Requirement:
Exactly reproduce the lines of the listing below from the one containing "ニット トップス ケーブル編み" through the one containing "Avery® Vibrant Color". Skip the images.

Material provided:
####################

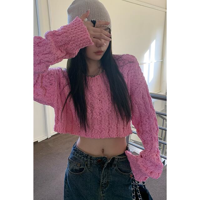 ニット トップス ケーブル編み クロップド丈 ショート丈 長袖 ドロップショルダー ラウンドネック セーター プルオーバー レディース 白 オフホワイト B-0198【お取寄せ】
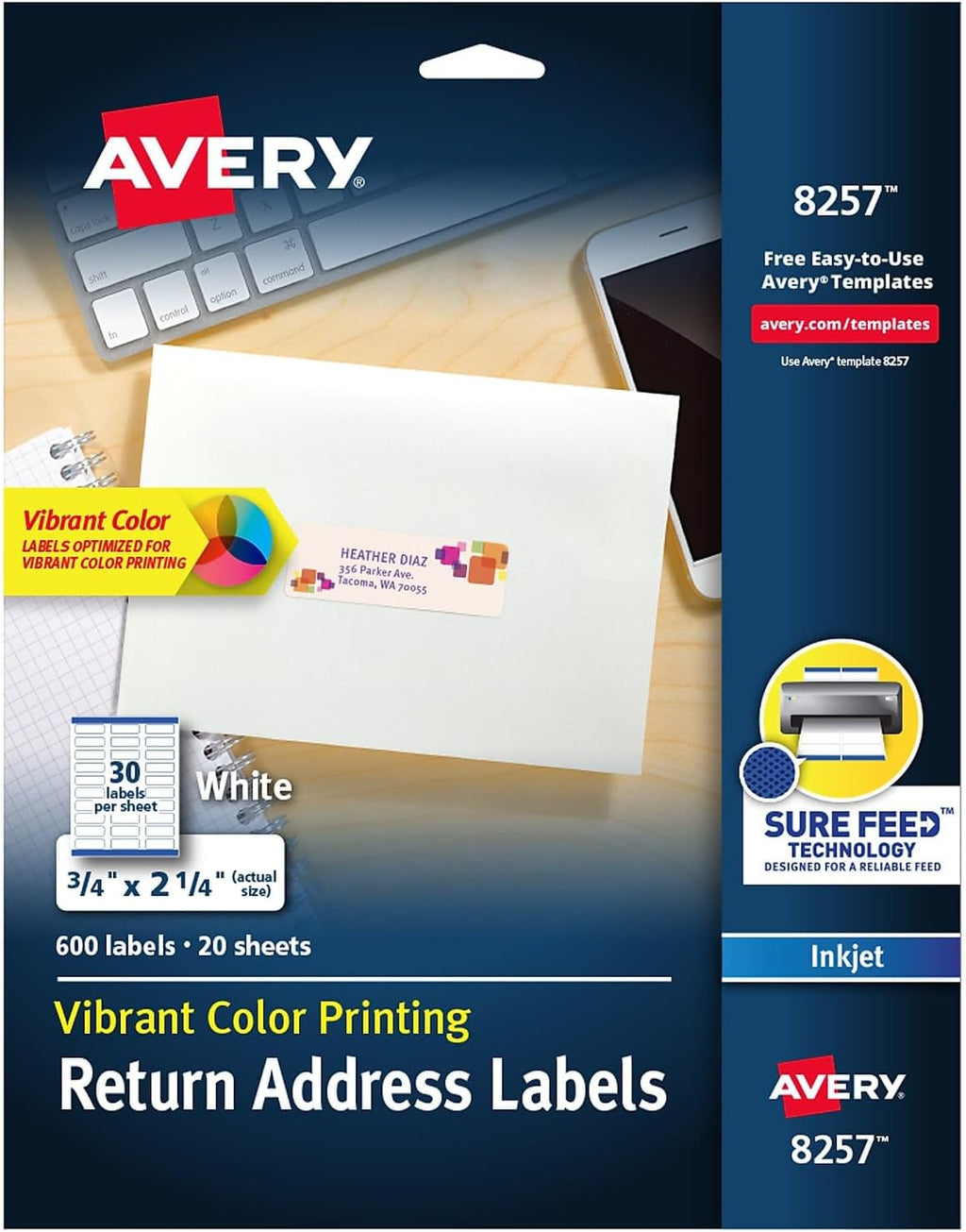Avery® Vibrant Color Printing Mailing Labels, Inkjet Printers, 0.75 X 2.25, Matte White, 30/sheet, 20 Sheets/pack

####################

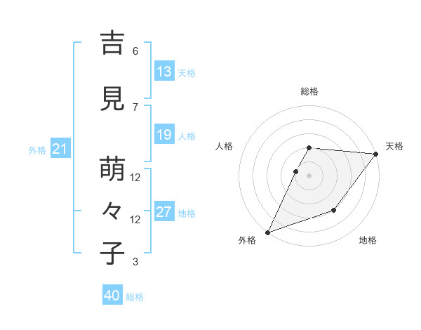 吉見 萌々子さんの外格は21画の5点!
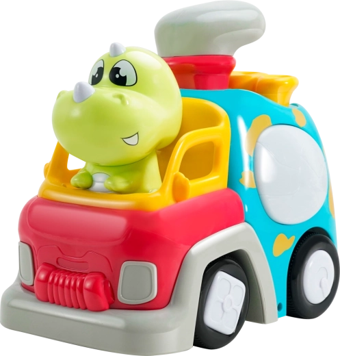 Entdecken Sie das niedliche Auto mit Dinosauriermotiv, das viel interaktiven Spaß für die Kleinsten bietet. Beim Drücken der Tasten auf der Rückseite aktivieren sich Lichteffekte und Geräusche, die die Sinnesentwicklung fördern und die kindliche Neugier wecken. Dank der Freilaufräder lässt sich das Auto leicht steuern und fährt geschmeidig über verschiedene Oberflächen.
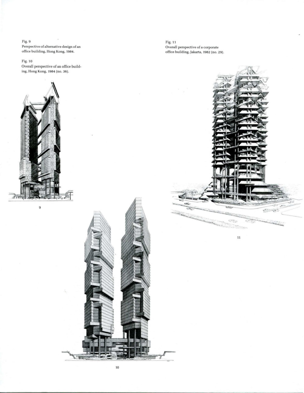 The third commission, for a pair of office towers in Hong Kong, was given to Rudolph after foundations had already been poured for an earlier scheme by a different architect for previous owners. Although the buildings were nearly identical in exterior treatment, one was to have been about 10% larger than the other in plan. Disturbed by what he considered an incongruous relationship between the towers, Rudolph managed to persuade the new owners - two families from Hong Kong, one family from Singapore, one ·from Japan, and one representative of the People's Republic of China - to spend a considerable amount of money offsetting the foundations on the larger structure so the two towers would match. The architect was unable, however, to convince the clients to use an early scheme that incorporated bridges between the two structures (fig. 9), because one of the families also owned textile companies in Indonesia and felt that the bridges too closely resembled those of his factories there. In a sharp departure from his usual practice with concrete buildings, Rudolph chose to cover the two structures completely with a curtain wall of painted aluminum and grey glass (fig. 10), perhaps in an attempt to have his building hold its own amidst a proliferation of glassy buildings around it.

####################

Expected output:
 ニット トップス ケーブル編み クロップド丈 ショート丈 長袖 ドロップショルダー ラウンドネック セーター プルオーバー レディース 白 オフホワイト B-0198【お取寄せ】
Avery® Vibrant Color Printing Mailing Labels, Inkjet Printers, 0.75 X 2.25, Matte White, 30/sheet, 20 Sheets/pack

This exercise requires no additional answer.